The Price of Peace
“Blessed are the peacemakers: for they shall be called the children of God.”
Peace means many things: the end of hostilities; a period of rest, tranquility, and stillness; an inner sense of contentment, love, care, and forgiveness. All these are important ingredients for lasting peace.
I never thought I could ever find it in my heart to forgive the people who deprived me of my parents’ love at the age of 3. But that changed when I joined World Vision and saw the staff’s efforts to build peace — even when others probably thought it wasn’t worth it.

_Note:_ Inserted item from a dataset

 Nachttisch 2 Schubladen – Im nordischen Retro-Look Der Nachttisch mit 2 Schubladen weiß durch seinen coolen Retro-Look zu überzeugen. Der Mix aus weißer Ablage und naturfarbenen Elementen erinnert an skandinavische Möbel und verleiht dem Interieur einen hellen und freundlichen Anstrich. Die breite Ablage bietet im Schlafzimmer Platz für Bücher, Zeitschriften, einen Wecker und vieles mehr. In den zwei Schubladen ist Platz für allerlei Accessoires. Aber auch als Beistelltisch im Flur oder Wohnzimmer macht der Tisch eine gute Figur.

I talked with the child soldiers being rehabilitated and listened to their experiences. In spite of their unimaginable suffering, they were willing to forgive and move on. They helped me decide to spend my energy on rebuilding peace in my community rather than being bitter, though at first it was not very clear how I could contribute.

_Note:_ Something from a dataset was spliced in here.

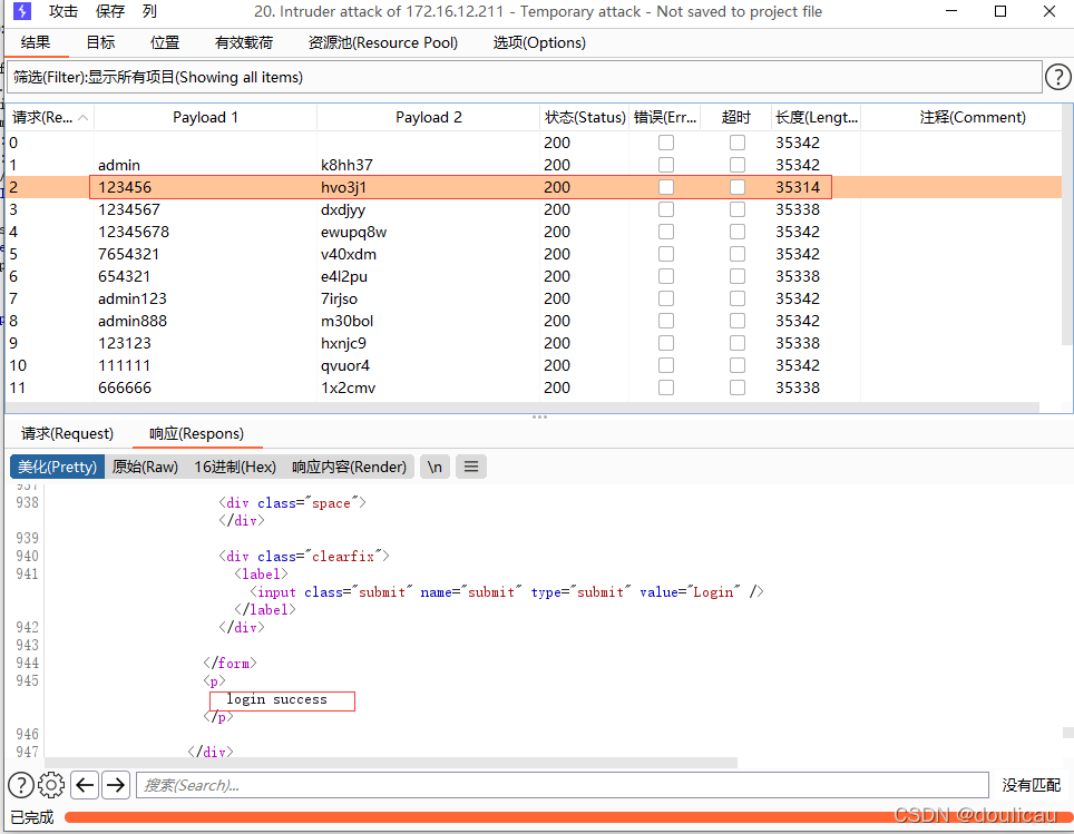 7、开始攻击可以看到攻击结果,验证码顺利爆破

When the Juba peace talks hit a snag in December 2006 and the warring parties were fighting each other in the media, the picture of my role became very vivid. Through God’s guidance, I managed to convince the LRA and the Ugandan government negotiators to participate in a teleconference, moderated by World Vision, to revive the stalled peace talks.

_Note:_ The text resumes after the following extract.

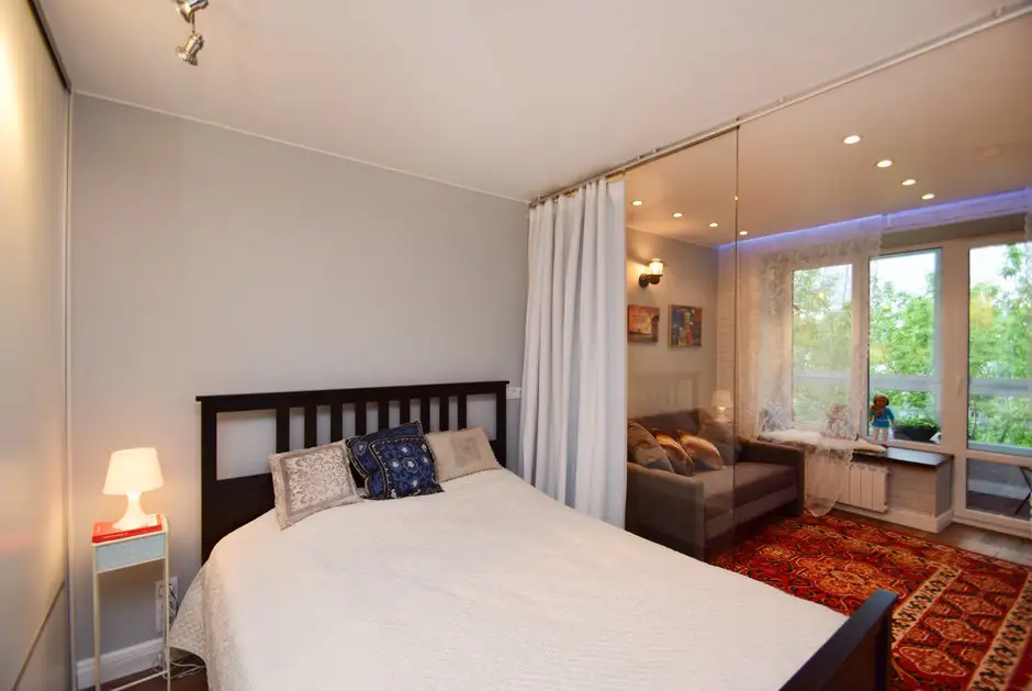 Amenajarea a fost gandita intr-un stil actual, cu accent pe functionalitate si pe conturarea zonelor dorite de beneficiari. Astfel, in spatiul camerei, a fost introdusa o partitie din sticla care marcheaza zona de dormit. Pentru un plus de intimitate, tot spatiul din jurul patului poate fi ascuns in spatele unei draperii groase.

It dawned on me that God sometimes lets bad things go on because he wants to give each of us a chance to fulfill the purpose for which he kept us alive. In the case of northern Uganda, God’s purpose for us is to make peace.
I know that it may be incomprehensible to many that one should talk about forgiveness and reconciliation in a situation where justice should rule. Nevertheless, we are called to leave the judgment to God and instead do our part in offering mercy — just as God has been merciful to each of us.
I firmly believe this is the price for peace in northern Uganda. A demonstration of humanity’s inhumanity can only be overcome by agents of forgiveness and peace. You and I are the agents. It is up to us.